Data segment>
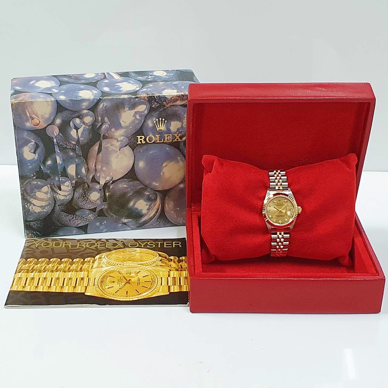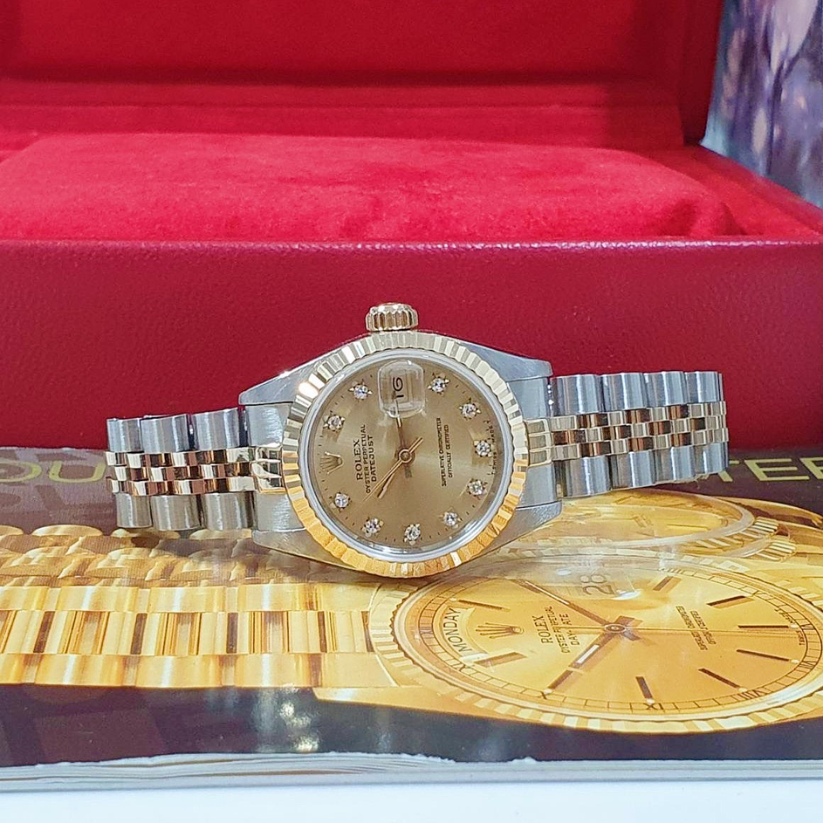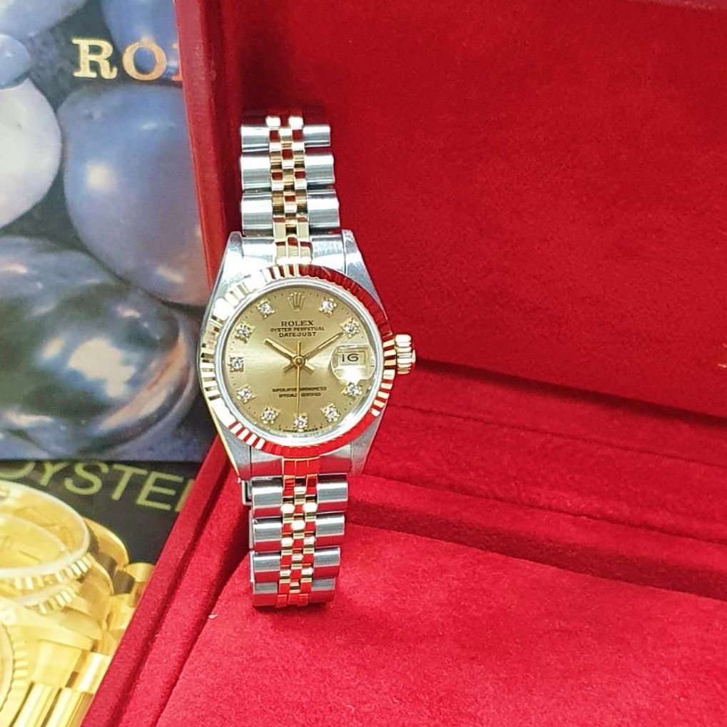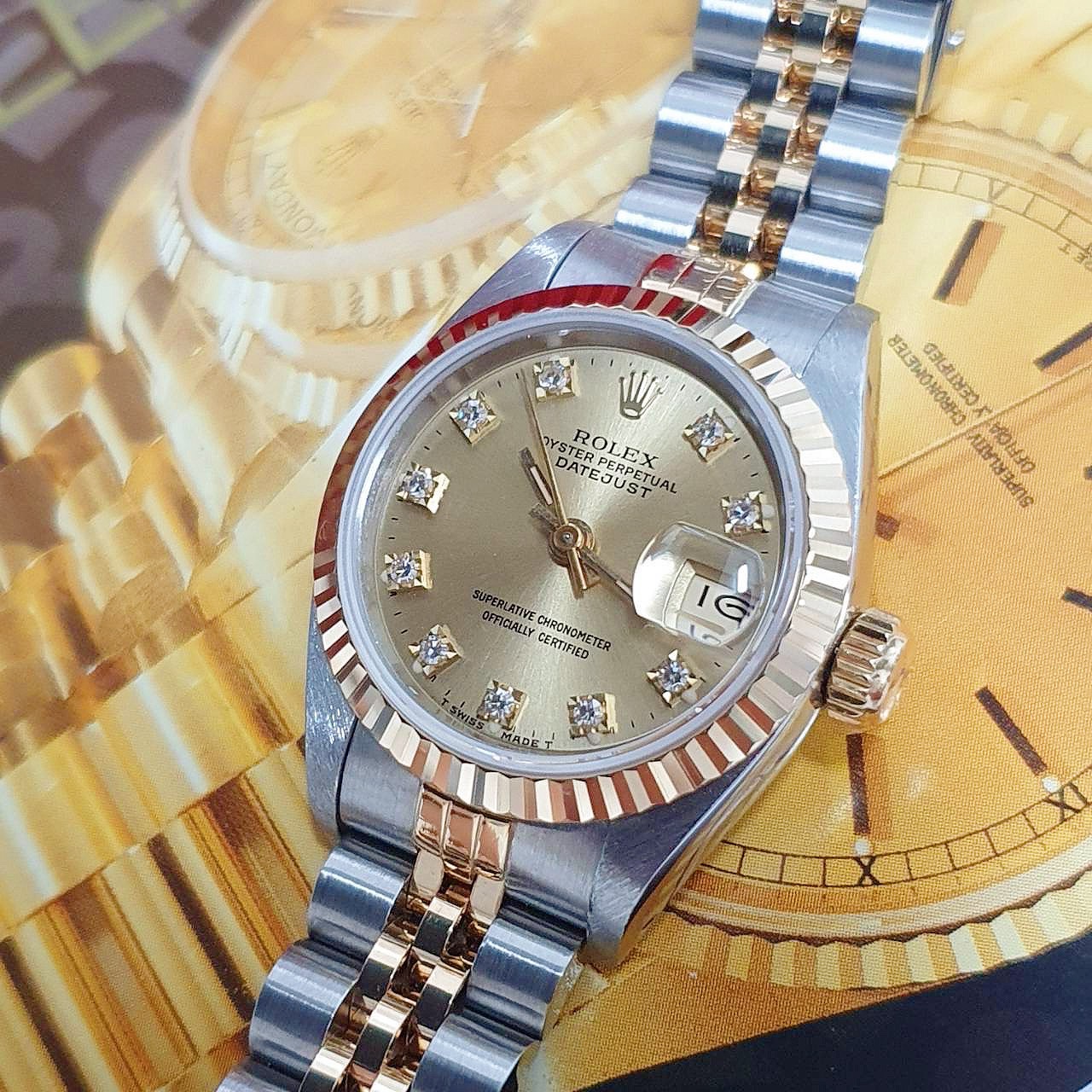 ROLEX 勞力士 69173 Datejust 半金女錶 金十鑽面盤 錶徑26mm 自動上鍊 18K金及不鏽鋼 防水100米 X字頭 缺證書 原廠盒裝 保養完成
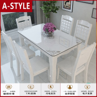 苏宁放心购白色餐桌椅组合现代简约长方形小户型4人6实木家用大理石吃饭桌子A-STYLE
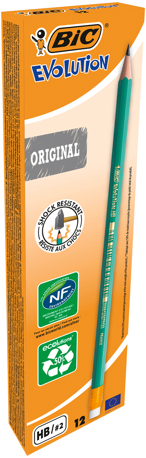 Bleistift BiC Evolution® Original NF mit Graphitmine HB N°2, Holzfreier, ökologischer Bleistift, bis zu 57% aus recyceltem Material hergestellt. Mit Öko-Label NF400 Environnement. Der schmale, sechskantige, grüne Schaft, Ø 6.3mm, L 17.5 cm, hat eine bissfeste Oberfläche, ist biegsam und schockresistent, daher keine Splittergefahr. Leicht zu spitzen. Solide Graphitmine 2.3 mm in hochwertiger BiC-Qualität, mit ausgezeichneter Ausradierbarkeit.

Problem to work on> Starting with the opening line of the listing, write out each line exactly until the line that contains "苏宁放心购白色餐桌椅组合现代" has been included; skip the pictures.

Your solution>
 ROLEX 勞力士 69173 Datejust 半金女錶 金十鑽面盤 錶徑26mm 自動上鍊 18K金及不鏽鋼 防水100米 X字頭 缺證書 原廠盒裝 保養完成
 苏宁放心购白色餐桌椅组合现代简约长方形小户型4人6实木家用大理石吃饭桌子A-STYLE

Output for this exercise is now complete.